Implement greater quality control.
Emphasize teamwork.
Communicate effectively with project participants.
Improve customer satisfaction.
Adapt and be flexible.
Become more efficient.
Slide #5 Businesses also face challenges in implementing project management.
These challenges include:
An unqualified project manager
Poorly defined project goals
Inaccurate estimates of needed resources
Difficulty of assessing risk
Lack of human resources
Poor communication
Disagreements among team members and stakeholders
Difficulty monitoring project changes
Scope creep, a problem where the scope of a project gets bigger and bigger
Though each project is different, they are all constrained by three common factors—scope, time, and budget.
Scope refers to what the project’s deliverable includes and—more importantly—does not include.
Time refers to the project’s schedule and deadline.
Budget refers to the cost of the resources required for accomplishing the project’s goals.
Project managers often visualize these three constraining factors as a triangle with equal sides.
If any one of the factors changes, the other two will be affected as well.
If a project’s scope expands, its time frame and budget will likely need to expand, too.
Or, if a project’s time frame or budget decreases, its scope may need to become more limited.
In the center of the triangle is the concept of quality, which is affected by all three factors.
Slide #6 There are five stages of project management: initiating, planning, executing, monitoring and controlling, and closing.
In the initiating stage, the project starts as an idea.
Managers convene to discuss if the idea is feasible or worth exploring.
If it is feasible, a statement of work is created.
The statement of work is a document that includes a short overview of the project, a definition of the project’s scope, a description of the project’s potential risks, a list of the project’s deliverables, and a list of the project’s stakeholders.
A project manager will then be named, and the project begins.
In the planning stage, a work breakdown structure (WBS) is created.
The WBS details the breakdown of the project’s work into manageable parts, and outlines criteria for determining the successful completion of these parts.
The project manager will set benchmarks and roles for all group members and establish the channels of communication.
In the executing stage, the work on the project is carried out.
Project managers will assemble a team and acquire resources, complete required tasks, and guide the team as they complete work.
In the monitoring/controlling stage, the project manager is watching the project progress and keeping it on task.
This stage happens at the same time as the executing stage.
The closing stage is when the project’s work has been completed.
A lessons-learned document should be created to note what went well, but also what did not work.
It will be kept for future reference to inform future projects.
The closing stage is also time to celebrate and recognize the hard work that was completed.
Discussion #2: Ask students to give examples of their own projects outside of school that they worked on.

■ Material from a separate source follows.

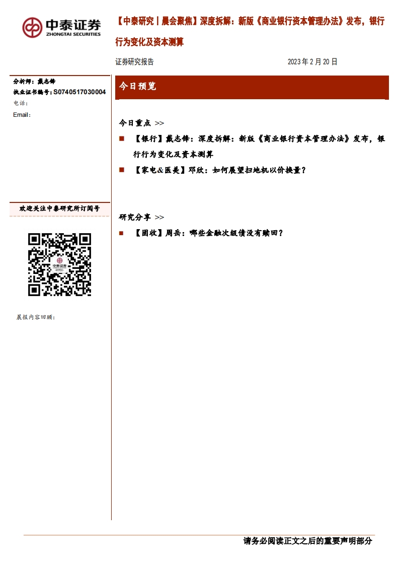 2023-02-21-中泰證券-【中泰研究丨晨會聚焦】深度拆解:新版《商業(yè)銀行資本管理辦法》發(fā)布,銀行行為變化及資本測算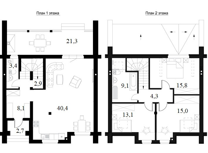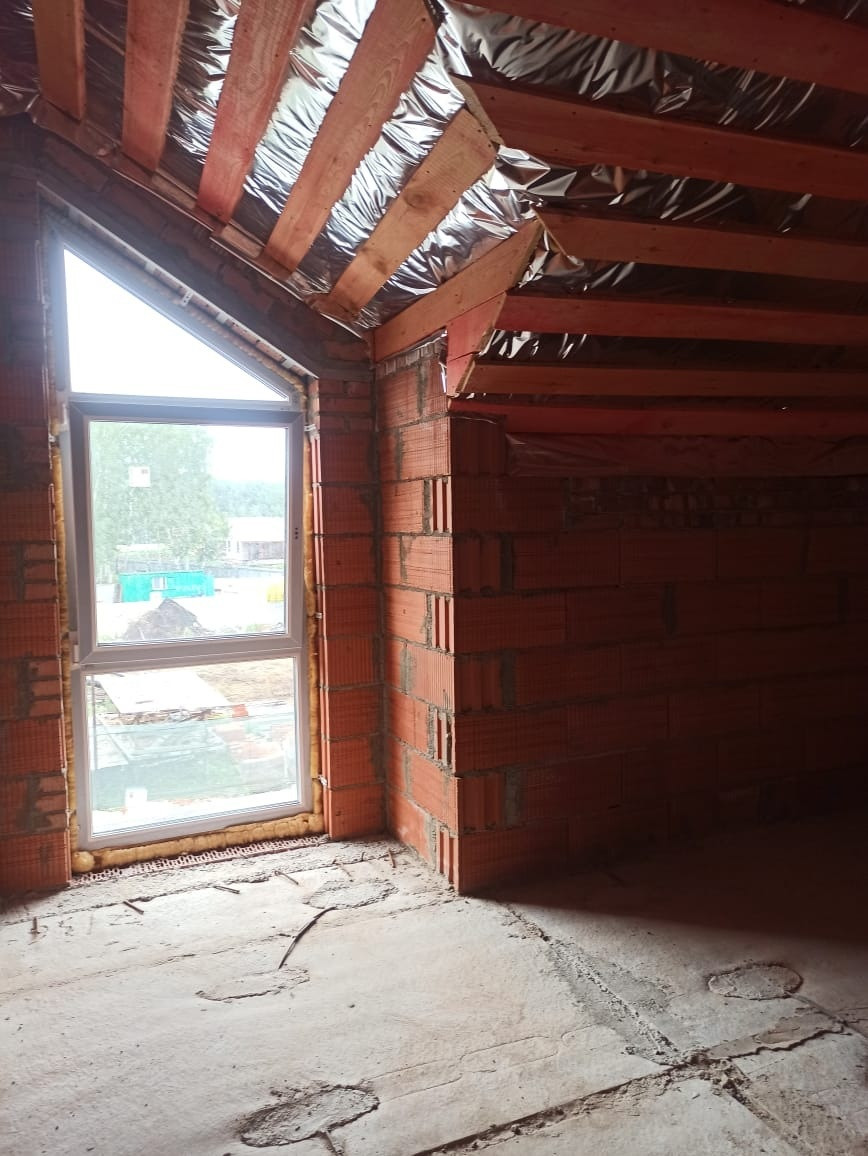На втором этаже – приватная зона: из холла - три спальни (13,15 и 16м2) и большой хозяйский санузел с ванной 9м2. Высота потолков в верхней точке 2,8 м, в нижней – 1,6 м. В дополнение к фронтальным окнам – мансардные, расположенные непосредственно в крыше.

How did they make a plan? How did they execute that plan? Did anyone help them while carrying out the plan?
Slide #7 As with almost all business processes, project management depends on the use of technology to be effective and efficient.
Projects commonly require the use of standard business technology such as email, video chatting, and intranet.
In addition, in recent years, hundreds of comprehensive project management software options have become available.
This software includes tools for every aspect of a project, from scheduling to budget to risk.
Examples include Wrike, Asana, Microsoft Project, and Basecamp.
These tools make it easy for project teams to collaborate and communicate digitally, saving time and costs.
6.4 Explain the nature of risk management
Curriculum Planning Level: SP
Objectives:
a. Define the terms risk, probability, impact, and mitigation.b. Identify categories of risk.c. Discuss complaints associated with risk-management efforts.d. Describe processes used to address risk-management issues (e.g., risk identification, risk quantification, risk response development, and risk monitoring and control).e. Explain activities involved in the risk identification process.f. Discuss the relationship of impact and probability on how to address risks.g. Discuss how to quantify risks based on impact and probability.h. Describe strategies for responding to risks (i.e., avoid, transfer, mitigate, and accept).i. Explain activities involved in the risk control process.j. Describe the components of Enterprise Risk Management (ERM) systems.k. Explain steps that can be used to set up an Enterprise Risk Management plan.Activity:
Identify risks associated with the successful operation of a business, and estimate the probability that the risks would occur in a school-based enterprise. Determine the potential impact of the risks if they occur and what strategies they could use to mitigate that impact.
Risk Management—Discussion Guide
Slide 1 THINK ABOUT IT
Few things in business are certain.
Consumer preferences, weather conditions, employee productivity, and many other factors that impact business can change almost overnight.
To survive in this environment of unknowns, businesses must identify and face these possibilities and problems—these risks—head on.
By doing so, a business can lessen risk’s harmful effects and better achieve organizational goals.
KEY CONCEPTS
Slide #2 Risk is the possibility of loss (failure) or gain (success) inherent in conducting business.
All business risks are either pure or speculative.
A pure risk brings the possibility of loss or no loss, but no gain.
A speculative risk, on the other hand, brings the possibility of loss, no change,
or gain.
Organizations look to risk management to lessen or eliminate the impact of pure risks and to reduce the losses and increase the gains resulting from speculative risks.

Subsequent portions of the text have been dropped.